Gemini 1.5 Flash-8B is now production ready

26 points by srameshc 2 days ago | 11 comments

bearjaws 2 days ago |
Damn I literally just published a article benchmarking flash-1.5 and showing it is very impressive for it's cost.
https://myswamp.substack.com/p/improving-accessibility-using...
Maybe I'll redo it and add in 1.5-8b, it's so cheap it doesn't hurt to add it lol.
YetAnotherNick 2 days ago |
Can you also include gpt-4o-mini.
bearjaws a day ago |
I made a note with the updated chart:
https://substack.com/profile/107132439-michael-barajas/note/...
Havoc 2 days ago |
Does anyone know if the rate limits on Flash and Flash8B are separate?
Alifatisk a day ago |
It's on the bottom
> To make this model as useful as we can, we are doubling the 1.5 Flash-8B rate limits, meaning developers can send up to 4,000 requests per minute (RPM).
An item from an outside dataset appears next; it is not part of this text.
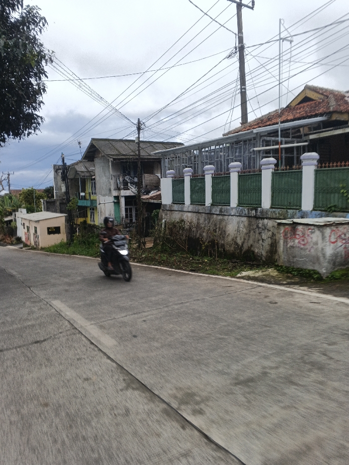 A dark-colored scooter, operated by an individual wearing a dark shirt and helmet, travels on a gray paved road under an overcast sky. The specified location of Masaiti, Zambia, cannot be visually confirmed by the image. On the right side of the road, a concrete retaining wall with green moss and red graffiti supports a fence featuring white pillars and green metal railings. Behind the fence, buildings include one with a reddish-brown tiled roof and exposed metal framing, suggesting construction or renovation, and another multi-story structure with a dark corrugated roof. On the left, further down the road, a small, light-brown building with an illegible sign and additional residential-style structures are visible. Multiple utility poles support a dense network of overhead power and communication lines that crisscross the sky. A dark tree canopy is present in the upper left quadrant. Sparse vegetation grows along the roadside, indicating an urban or semi-urban environment.

You can even compare the late limit here https://ai.google.dev/pricing
faangguyindia 2 days ago |
It's such a shame, zed editor cannot use Gemini Flash for code completion, it's stuck on Supermaven or copilot.
Most editors can easily support LLMs via Fill in Middle operation mode
Alifatisk a day ago |
Why do some people turn to Gemini? I've tried it, and I remember it lacking or being heavily censored. Is it because it's cheap? Or is it better at some tasks that others aren't?
druskacik 10 hours ago |
Mainly for its long context abilities. The other major LLMs peak at 128-256K context windows, Gemini models promise 1 million (2 million in case of 1.5 Pro).
Alifatisk 7 hours ago |
Oh, you're right! I was about to ask how because gemini.google.com never allowed me, but I guess it's accessible through aistudio.google.com.
But I do wonder, how well does Gemini 1.5 Pro / Flash recall from the context window? For example, when both chatGPT and Claude allowed for 8k context window, Claude was still way far ahead with recalling what you've said compared to chatGPT which tend to forget tokens after a while, so you had to remind it.
druskacik 6 hours ago |
Yes, aistudio.google.com is the way to go! You can upload some long documents such as books and try the long context. And the AI Studio is actually free, not many people know about this.
As of the recall performance, I can't really speak from my experience, you should try yourself :)
Alifatisk 6 hours ago |
I actually stayed away from AI studio (until I completely forgot about it) because I taught it was for enterprise or paying customers only. I'll definitely try it out, thank you!